2x2x2: (8.85), 17.74, 17.33, (24.47), 14.46 = *16.51 avg.*
Comment: I don't practice 2x2, but thought I'd try an average. First solve was easy first layer and PLL skip.

3x3x3: (29.25), (40.93), 30.09, 36.01, 34.67 = *33.59 avg.*
Comment: I seem to be stuck in the 30-35 sec. range. I'll get past it soon.

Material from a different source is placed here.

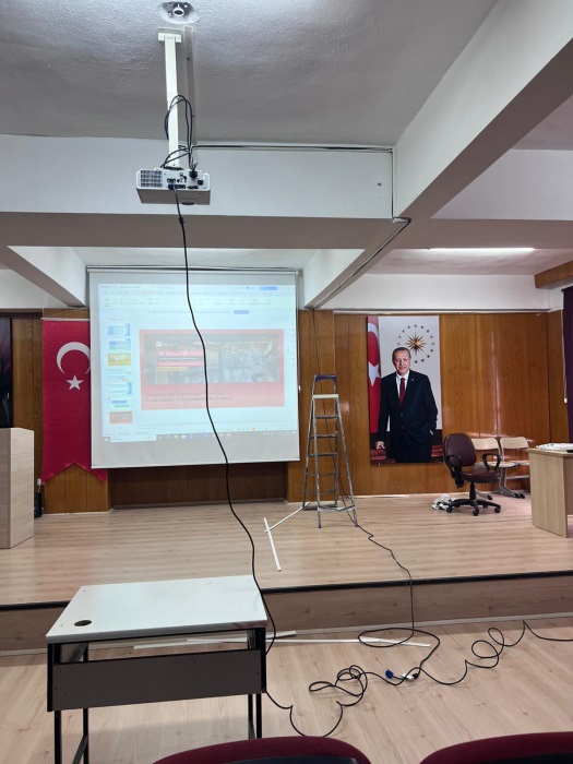 Gerçekleştirilen çalışma kapsamında, salonun tavanına sabit projeksiyon cihazı montajı yapılmış, gerekli kablolama ve bağlantı altyapısı düzenlenerek sistem kullanıma hazır hale getirilmiştir. Kurulum sürecinde teknik ekip tarafından cihaz yerleşimi, görüntü aktarımı ve sistem testleri titizlikle gerçekleştirilmiştir.
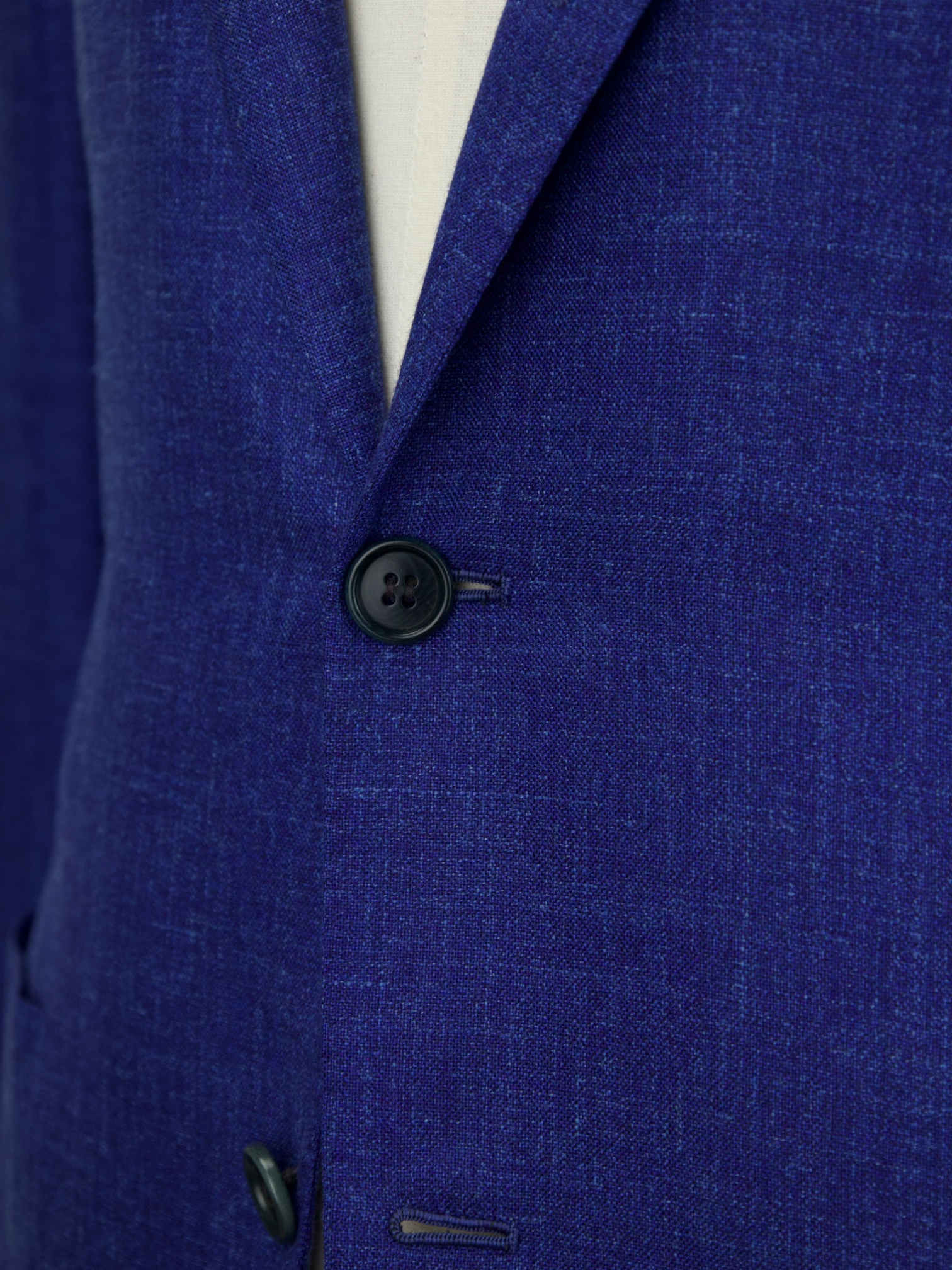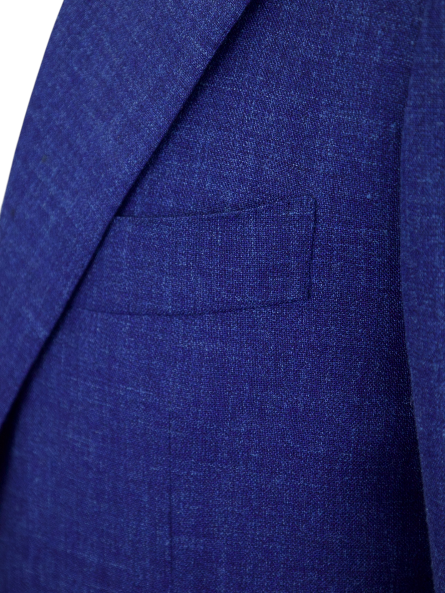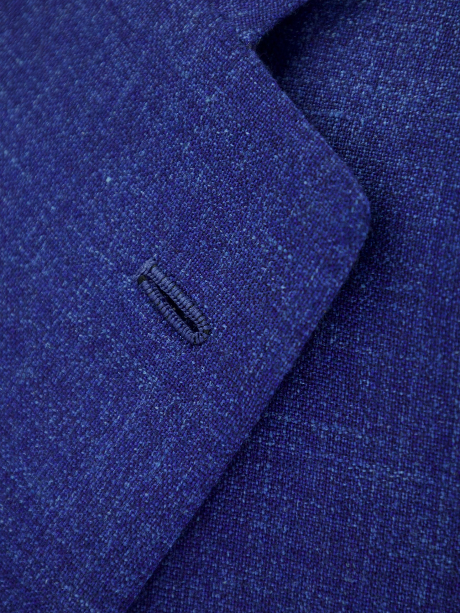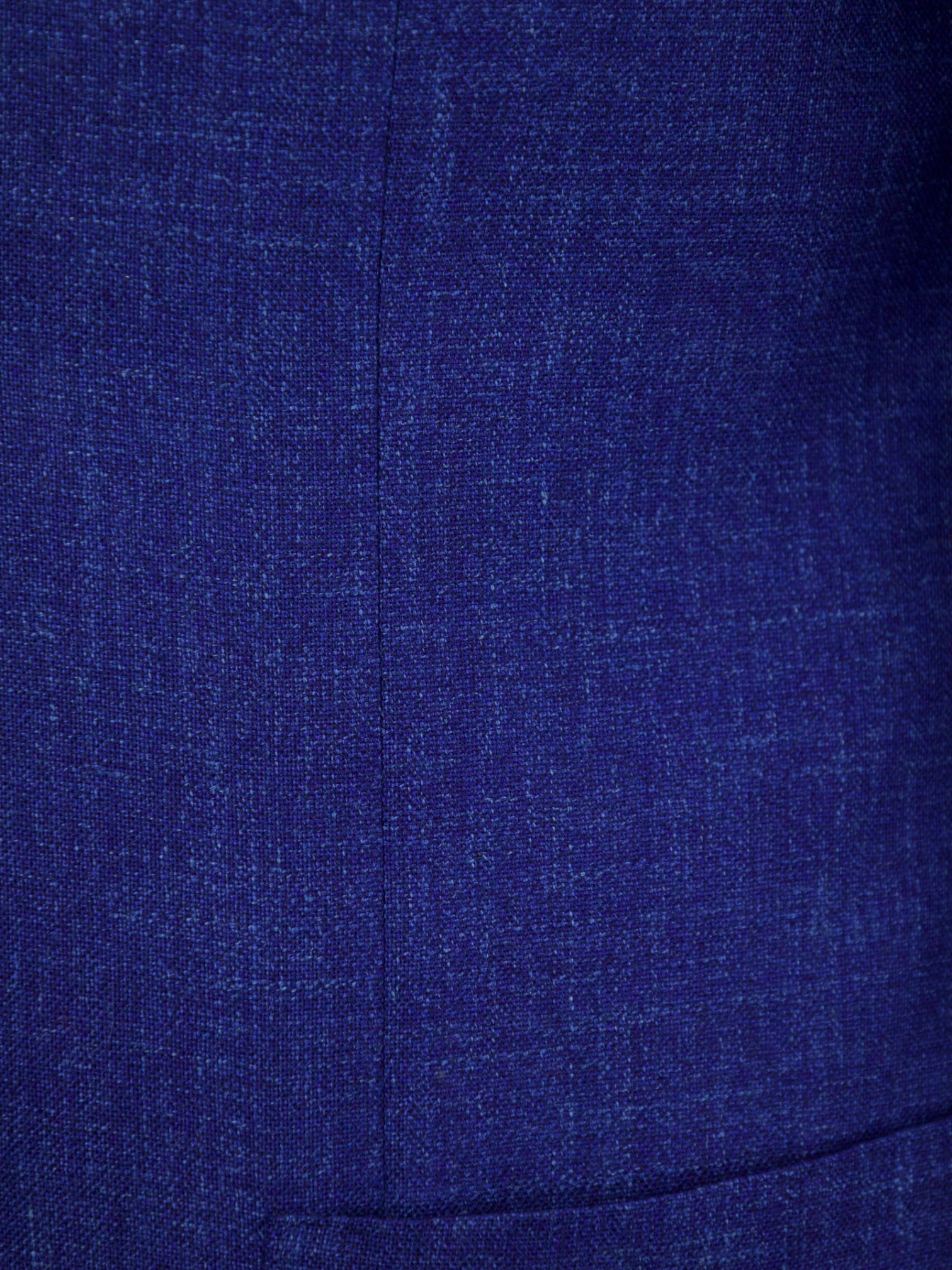 Cobalt blue single-breasted handmade suit, cut from luxurious wool, silk and linen blend with a melange pattern. Discover the elaborated sartorial details below.

Magic: 1.51, (1.72), 1.51, (1.42), 1.48 = *1.50 avg.*
Comment: O.K. average.


----------



## ConnorCuber (Dec 24, 2008)

2:
Average: 4.24
Standard Deviation: 0.50
Best Time: 3.53
Worst Time: 5.26
Individual Times:
1.	(5.26)
2.	3.88
3.	(3.53)
4.	4.95
5.	3.89

3:

Statistics for 12-23-2008 18:24:20

Average: 17.11
Standard Deviation: 0.57
Best Time: 15.64
Worst Time: 18.45
Individual Times:
1.	(18.45)
2.	17.03	
3.	17.84	
4.	16.45	
5.	(15.64)


Pyra: 


Average: 9.32
Standard Deviation: 1.77
Best Time: 7.05
Worst Time: 12.81
Individual Times:
1.	7.44
2.	(7.05)
3.	(12.81)
4.	8.83
5.	11.70


----------



## Rubixcubematt (Dec 24, 2008)

3: (21.02), 17.77, 15.88, 20.0, (15.53)=17.89 av
alright.
4:1:40.50, 1:52.22, 1:41.78, (1:36.53), (2:07.13)=1:45.50 average
needa start practicing.
2-4:
3OH:
3BLD:


----------



## MTGjumper (Dec 24, 2008)

3x3: 15.45, 14.58, 16.17, (16.88), (14.16) = 15.46
Comment: So-so. I haven't warmed up and my cube was a bit stiff.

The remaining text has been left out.